Curie devoted much of her time during the 4 years of World War I to equipping automobiles in her own laboratory with x-ray (Roentgen) apparatus to assist the sick. It was these cars that became known in the war zone as "little Curies." By the end of the war Curie was past her fiftieth year with much of her physical energy already spent, together with her savings, which she had patriotically invested in war bonds. But her dedication seemed to be inexhaustible. The year 1919 witnessed her installation at the Radium Institute, and 2 years later her book La Radiologie et la guerre was published. In it she gave a most informative account of the scientific and human experiences gained for radiology during the war. With the end of the war also came the appointment of her daughter Irène, a physicist, as an assistant in her mother's laboratory.
Shortly afterward, a momentous visit took place in the Radium Institute. The visitor was Mrs. William B. Meloney, editor of a leading magazine in New York and representative of those countless women who for years had found in Curie their ideal and inspiration. A year later Meloney returned to tell her that a nationwide subscription in America had produced the sum of $100,000 needed to purchase a gram of radium for her institute. She was also asked to visit the United States with her daughters and collect in person the precious gift. Her trip was a triumph in the finest sense of the word. In the White House, President Warren G. Harding presented her with the golden key to the little metal box containing the radium.

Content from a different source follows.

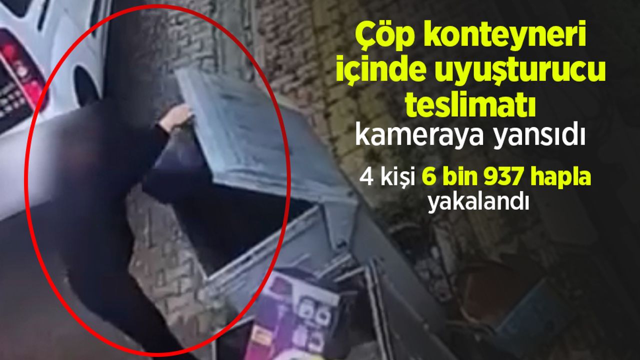 Çöp konteyneri içinde uyuşturucu teslimatı kameraya yansıdı: 4 kişi 6 bin 937 hapla yakalandı

On questions other than scientific, Curie rarely uttered public comment of any length. One of the exceptions was her statement at a conference in 1933 on "The Future of Culture." There she rallied to the defense of science, which several panelists held responsible for the dehumanization of modern life. "I am among those," she emphasized, "who think that science has great beauty. A scientist in his laboratory is not only a technician; he is also a child placed before natural phenomena which impress him like a fairy tale. We should not allow it to be believed that all scientific progress can be reduced to mechanism, machines, gearings, even though such machinery also has its own beauty."
The most heartwarming experience of the last phase of Curie's life was probably the marriage of Irène in 1926 to Frédéric Joliot (later Joliot-Curie), the most gifted assistant at the Radium Institute. Before long it was evident to her that their union would be a close replica of her own marvelously creative partnership with Pierre Curie.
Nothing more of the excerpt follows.